Gold steadied in Europe on Friday, arresting a slide that took it to two-week lows earlier in the session, as lower prices tempted some buyers back to the market amid persistent fears over the euro zone debt crisis.

The VIX index, Wall Street's chief measure of investor anxiety, closed at its highest since March 2009 on Thursday, on growing fears that the euro zone's handling of its sovereign debt problems could jeopardize the global economic recovery.

Spot gold was bid at $1,181.50 an ounce at 0916 GMT, against $1,181.10 late in New York on Thursday. U.S. gold futures for June delivery on the COMEX division of the New York Mercantile Exchange fell $6.70 to $1,181.90 an ounce.

Prices earlier fell to a low of $1,166.50 an ounce, down more than 5 per cent from last Friday. Traders say prices are due a period of consolidation after rising 6 per cent in the first two weeks of May to record highs at $1,248.95 an ounce.

"We traded up from $1,125 to the high at $1,248 not even in a month, so it is quite normal that you have a movement against that," said Commerzbank trader Michael Kempinski.

"There is really too much investor money in there, and the funds are not all interested in the long term performance. Long term, I'm not really worried, I'm sure gold is coming back."

The correction in prices is also likely to bring more demand for physical gold, in the form of coins, bars and jewellery, Mr. Kempinski said. "It's good to have a healthy consolidation, so that the physical market comes back into line."

Equity markets extended losses on Friday, on persistent concerns over euro zone sovereign debt levels and tougher financial regulation. European shares were down 0.5 per cent in early European trade.

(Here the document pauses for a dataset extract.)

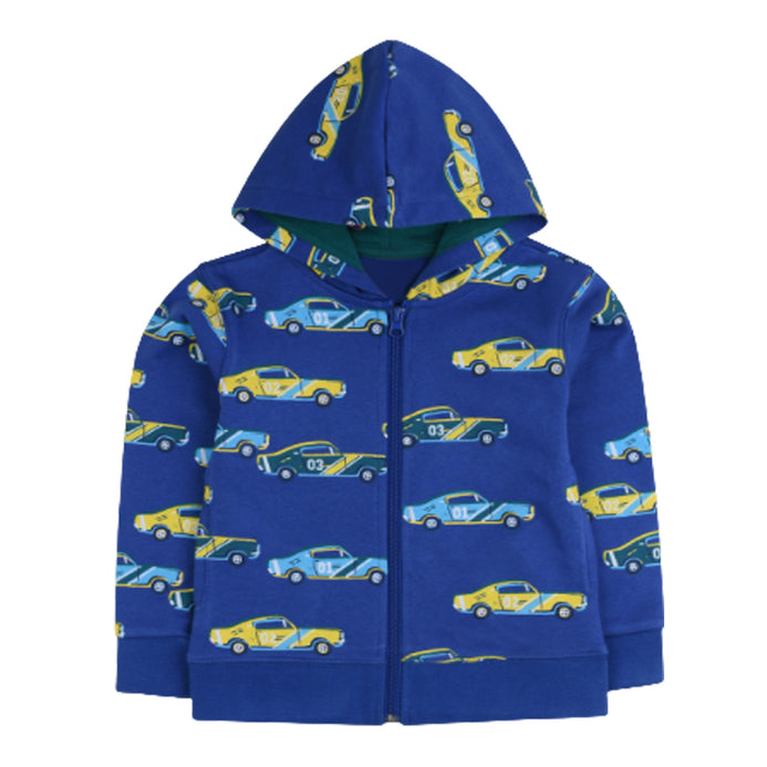 B.X All Over Car Print Blizzard Blue Zipper Hoodie 7969

The euro clung onto its gains against the dollar as fears of currency intervention rose. Oil prices meanwhile fell back below $70 a barrel, having touched their lowest since July on Thursday.


Investment demand for physical gold continued to be firm, meanwhile, with holdings of the world's largest gold-backed exchange-traded fund, New York's SPDR Gold Trust , at a record 1,220.152 tonnes on Thursday.

The gold exchange-traded products operated by London's ETF Securities were also little changed on Thursday.

The resilience of ETF holdings during gold's latest leg lower has cheered investors who believe the longer-term outlook for the metal against a backdrop of volatility in the wider markets and rising fears over euro zone debt levels is positive.

"The move in gold has been really unusual, given the level of concern in the markets," said Nick Bullman, managing director of Bullman Asset Management.

"My view is still that in a period of strong monetization by governments, it will come out as the only real store of value," he said. "It can get to $1,300 this year, and it will go higher if things spiral out of control. This is a great buying opportunity."

Among other precious metals, platinum and palladium recovered some of the losses that took them to their lowest since early February in Asia overnight.

Platinum hit a low of $1,449, a 15.5 per cent drop from last Friday's level, and was later at $1,490.45 an ounce against $1,509. Palladium fell as low as $393 an ounce, down 25 in the week so far, was later at $410.93 versus $412.75.

"Encouragingly there is little sign of a mass exodus of ETF investment exposure, and given the scale of correction, current levels may be looking attractive to longer-term investors given the improving fundamental outlook," said James Moore, an analyst at TheBullionDesk.com.

Silver was bid at $17.70 an ounce against $17.59.